**WHAT NEEDS TO BE DONE**
A verbatim printing of the entries that follow is needed; pictures must not appear in it.

--

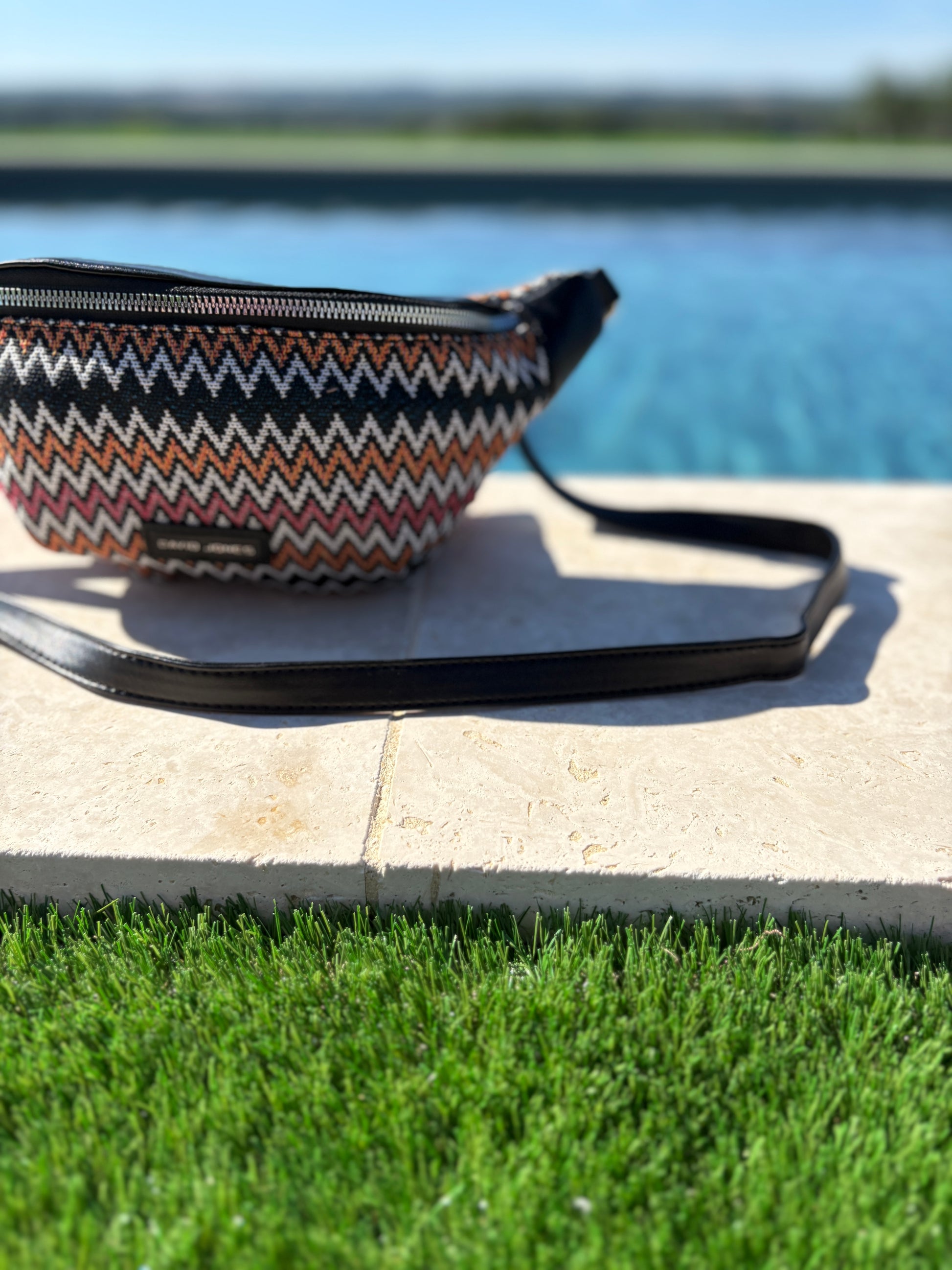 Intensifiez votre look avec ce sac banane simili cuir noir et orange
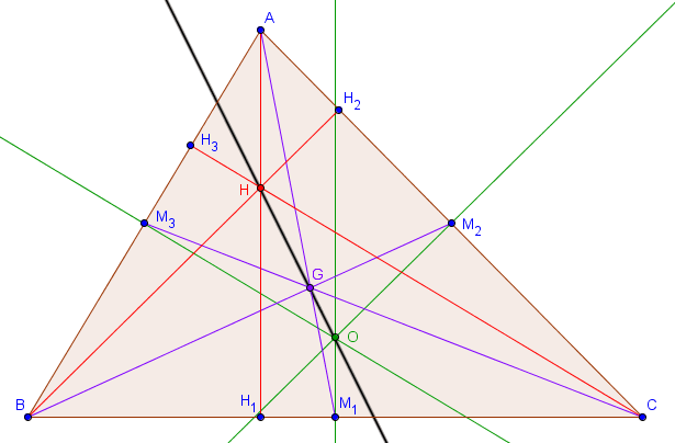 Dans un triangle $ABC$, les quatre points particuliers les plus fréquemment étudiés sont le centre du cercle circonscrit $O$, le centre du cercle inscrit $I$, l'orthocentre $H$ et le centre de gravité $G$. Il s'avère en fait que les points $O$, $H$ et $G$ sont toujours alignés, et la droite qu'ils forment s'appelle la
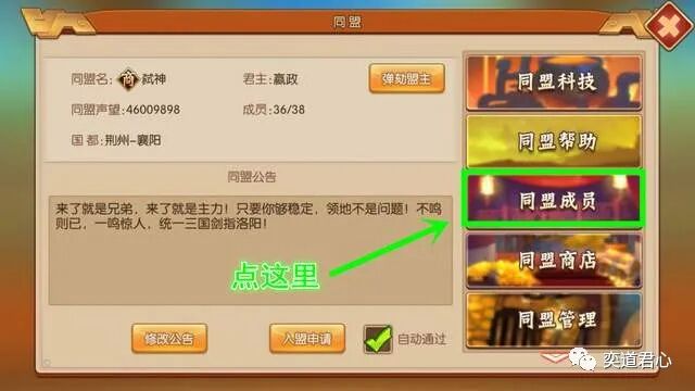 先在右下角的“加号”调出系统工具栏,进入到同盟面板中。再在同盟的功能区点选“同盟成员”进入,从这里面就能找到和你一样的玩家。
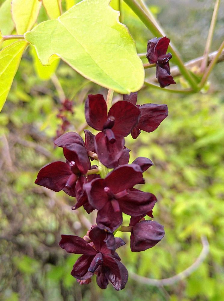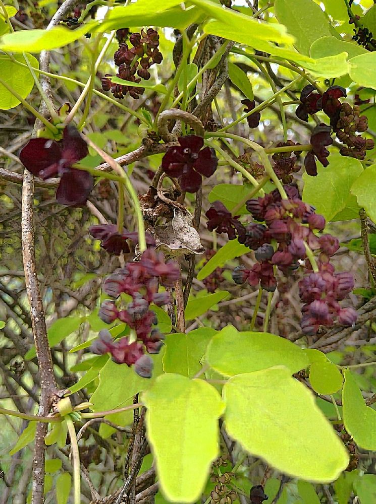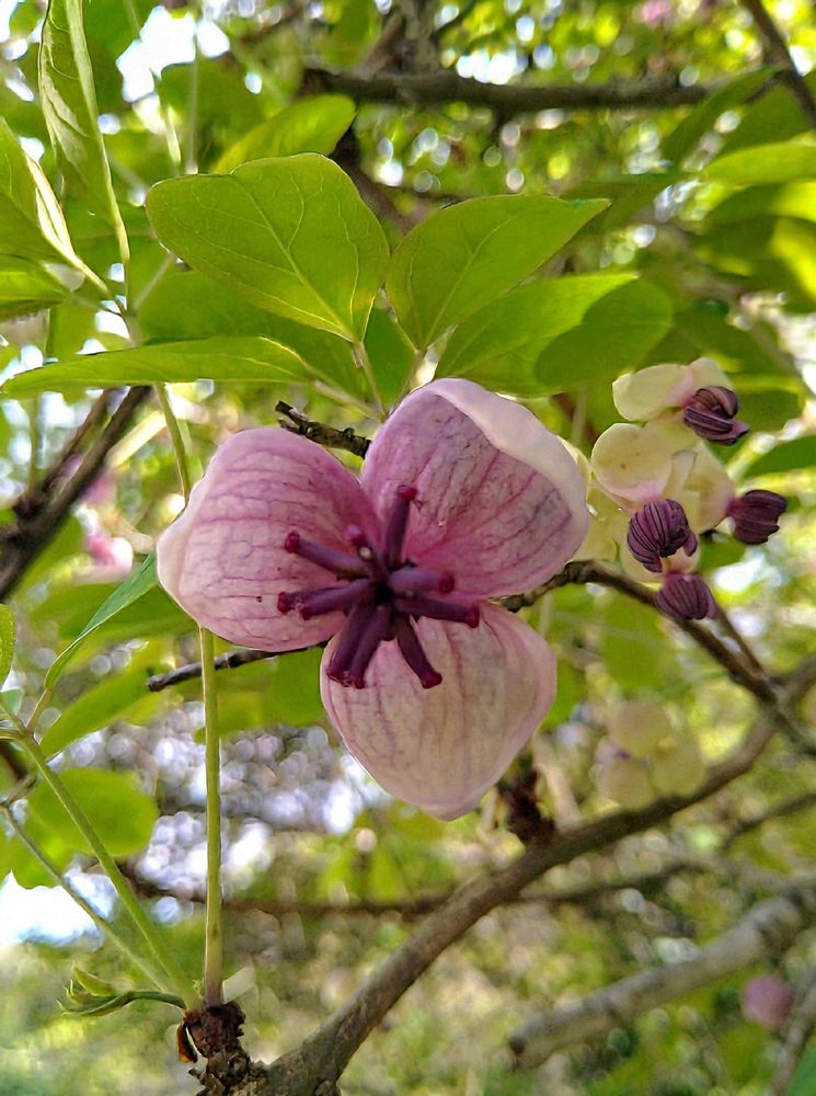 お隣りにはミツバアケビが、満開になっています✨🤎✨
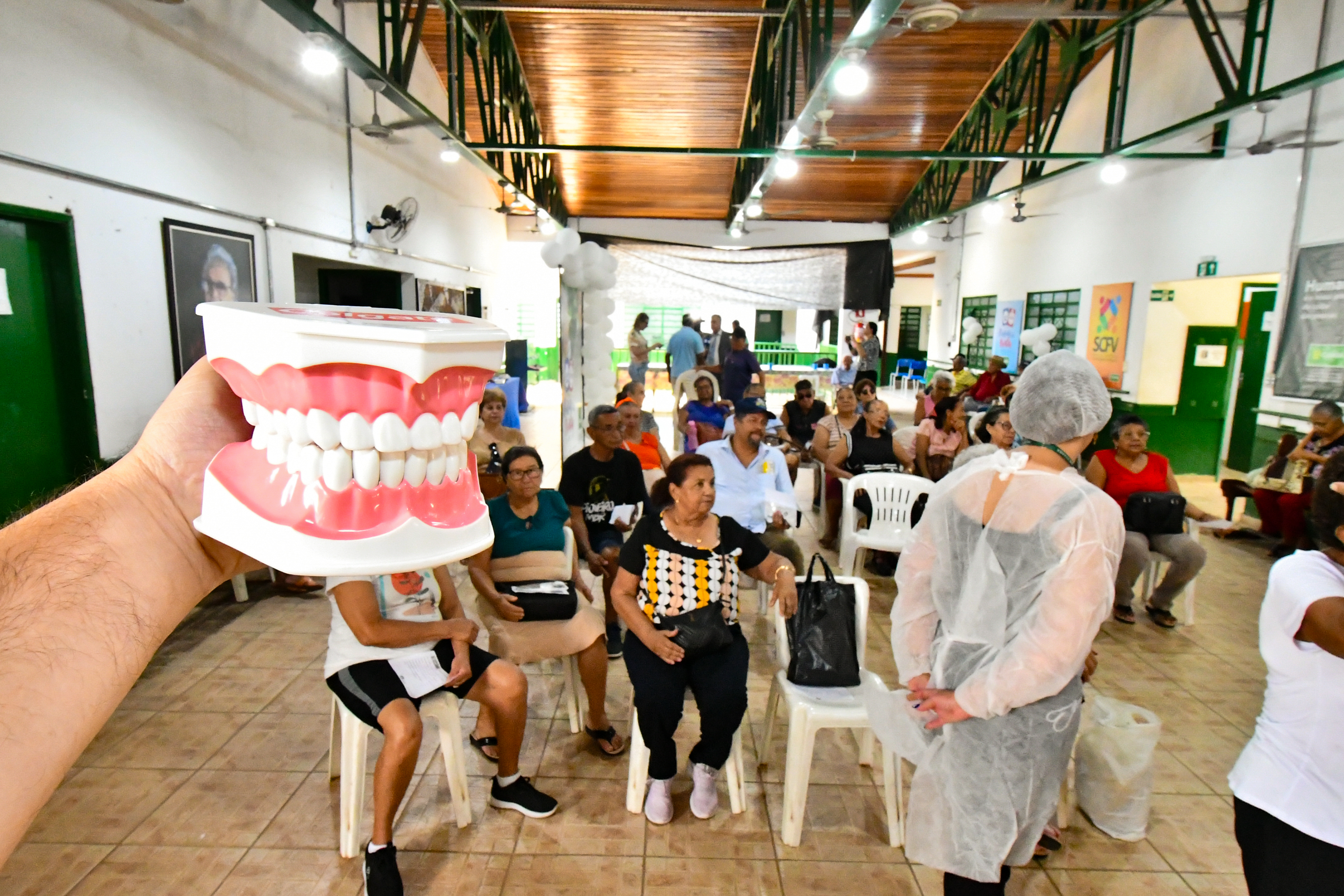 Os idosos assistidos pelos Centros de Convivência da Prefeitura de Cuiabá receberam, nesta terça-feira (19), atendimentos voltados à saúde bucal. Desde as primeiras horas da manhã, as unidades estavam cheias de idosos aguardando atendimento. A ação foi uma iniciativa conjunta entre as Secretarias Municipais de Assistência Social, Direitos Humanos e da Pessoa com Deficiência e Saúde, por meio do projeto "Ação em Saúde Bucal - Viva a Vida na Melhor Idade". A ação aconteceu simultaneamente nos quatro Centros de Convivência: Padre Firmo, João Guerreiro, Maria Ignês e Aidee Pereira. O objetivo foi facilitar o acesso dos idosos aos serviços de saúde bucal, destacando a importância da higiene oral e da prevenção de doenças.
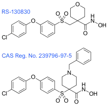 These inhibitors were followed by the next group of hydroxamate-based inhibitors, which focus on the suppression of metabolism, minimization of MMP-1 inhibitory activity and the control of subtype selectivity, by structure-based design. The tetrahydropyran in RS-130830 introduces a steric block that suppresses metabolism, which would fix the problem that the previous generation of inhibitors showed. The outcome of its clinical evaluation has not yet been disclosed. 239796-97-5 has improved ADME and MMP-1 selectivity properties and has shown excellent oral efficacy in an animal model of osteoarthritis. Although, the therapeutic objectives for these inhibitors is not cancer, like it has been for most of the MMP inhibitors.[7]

--

**OUTPUT OF THE EXERCISE**
 Intensifiez votre look avec ce sac banane simili cuir noir et orange
 Dans un triangle $ABC$, les quatre points particuliers les plus fréquemment étudiés sont le centre du cercle circonscrit $O$, le centre du cercle inscrit $I$, l'orthocentre $H$ et le centre de gravité $G$. Il s'avère en fait que les points $O$, $H$ et $G$ sont toujours alignés, et la droite qu'ils forment s'appelle la
 先在右下角的“加号”调出系统工具栏,进入到同盟面板中。再在同盟的功能区点选“同盟成员”进入,从这里面就能找到和你一样的玩家。
 お隣りにはミツバアケビが、満開になっています✨🤎✨
 Os idosos assistidos pelos Centros de Convivência da Prefeitura de Cuiabá receberam, nesta terça-feira (19), atendimentos voltados à saúde bucal. Desde as primeiras horas da manhã, as unidades estavam cheias de idosos aguardando atendimento. A ação foi uma iniciativa conjunta entre as Secretarias Municipais de Assistência Social, Direitos Humanos e da Pessoa com Deficiência e Saúde, por meio do projeto "Ação em Saúde Bucal - Viva a Vida na Melhor Idade". A ação aconteceu simultaneamente nos quatro Centros de Convivência: Padre Firmo, João Guerreiro, Maria Ignês e Aidee Pereira. O objetivo foi facilitar o acesso dos idosos aos serviços de saúde bucal, destacando a importância da higiene oral e da prevenção de doenças.
 These inhibitors were followed by the next group of hydroxamate-based inhibitors, which focus on the suppression of metabolism, minimization of MMP-1 inhibitory activity and the control of subtype selectivity, by structure-based design. The tetrahydropyran in RS-130830 introduces a steric block that suppresses metabolism, which would fix the problem that the previous generation of inhibitors showed. The outcome of its clinical evaluation has not yet been disclosed. 239796-97-5 has improved ADME and MMP-1 selectivity properties and has shown excellent oral efficacy in an animal model of osteoarthritis. Although, the therapeutic objectives for these inhibitors is not cancer, like it has been for most of the MMP inhibitors.[7]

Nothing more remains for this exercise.